Exercise aim
Exclude all pictures, then copy each of the records exactly as written.

Study material

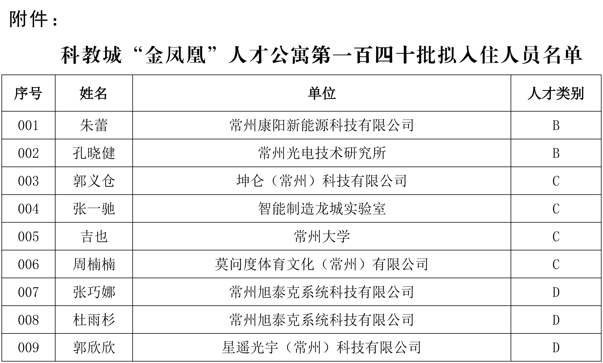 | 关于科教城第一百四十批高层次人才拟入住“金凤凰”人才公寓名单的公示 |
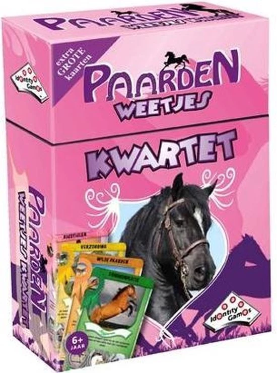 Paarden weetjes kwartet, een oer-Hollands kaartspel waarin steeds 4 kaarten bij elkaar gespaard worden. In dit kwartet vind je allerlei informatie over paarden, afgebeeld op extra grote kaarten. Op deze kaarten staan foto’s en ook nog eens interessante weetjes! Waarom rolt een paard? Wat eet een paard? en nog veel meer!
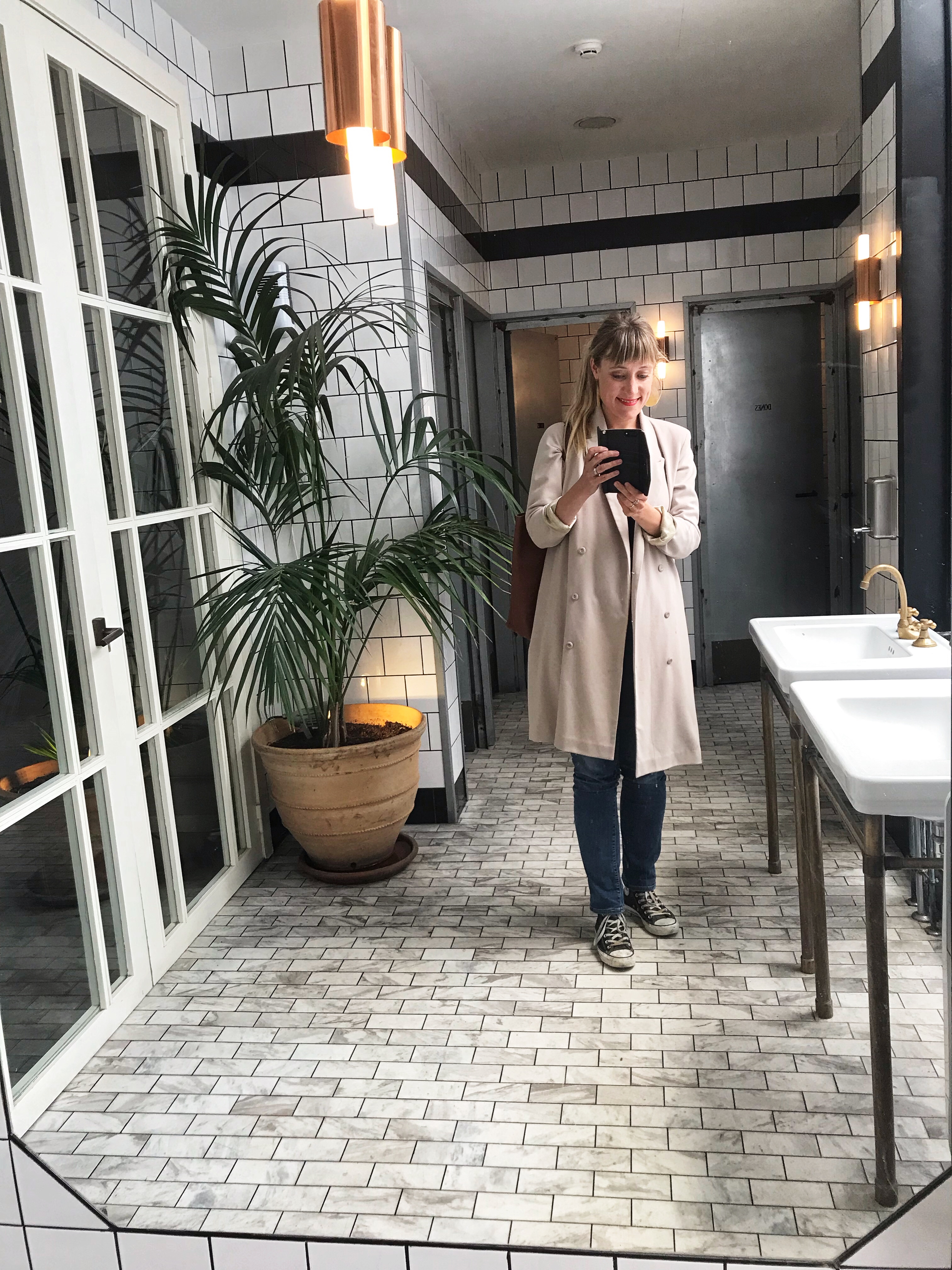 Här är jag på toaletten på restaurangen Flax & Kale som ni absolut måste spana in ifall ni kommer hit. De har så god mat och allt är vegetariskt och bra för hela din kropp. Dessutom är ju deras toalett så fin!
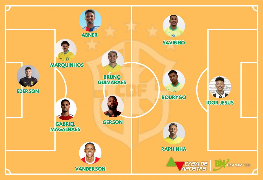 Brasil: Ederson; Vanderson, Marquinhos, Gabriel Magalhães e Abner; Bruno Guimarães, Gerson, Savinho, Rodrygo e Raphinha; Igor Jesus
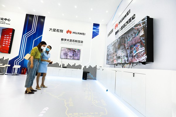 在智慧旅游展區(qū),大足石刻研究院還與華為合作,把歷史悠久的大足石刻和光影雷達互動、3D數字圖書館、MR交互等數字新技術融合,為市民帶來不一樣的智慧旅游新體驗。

Response to this task
 | 关于科教城第一百四十批高层次人才拟入住“金凤凰”人才公寓名单的公示 |
 Paarden weetjes kwartet, een oer-Hollands kaartspel waarin steeds 4 kaarten bij elkaar gespaard worden. In dit kwartet vind je allerlei informatie over paarden, afgebeeld op extra grote kaarten. Op deze kaarten staan foto’s en ook nog eens interessante weetjes! Waarom rolt een paard? Wat eet een paard? en nog veel meer!
 Här är jag på toaletten på restaurangen Flax & Kale som ni absolut måste spana in ifall ni kommer hit. De har så god mat och allt är vegetariskt och bra för hela din kropp. Dessutom är ju deras toalett så fin!
 Brasil: Ederson; Vanderson, Marquinhos, Gabriel Magalhães e Abner; Bruno Guimarães, Gerson, Savinho, Rodrygo e Raphinha; Igor Jesus
 在智慧旅游展區(qū),大足石刻研究院還與華為合作,把歷史悠久的大足石刻和光影雷達互動、3D數字圖書館、MR交互等數字新技術融合,為市民帶來不一樣的智慧旅游新體驗。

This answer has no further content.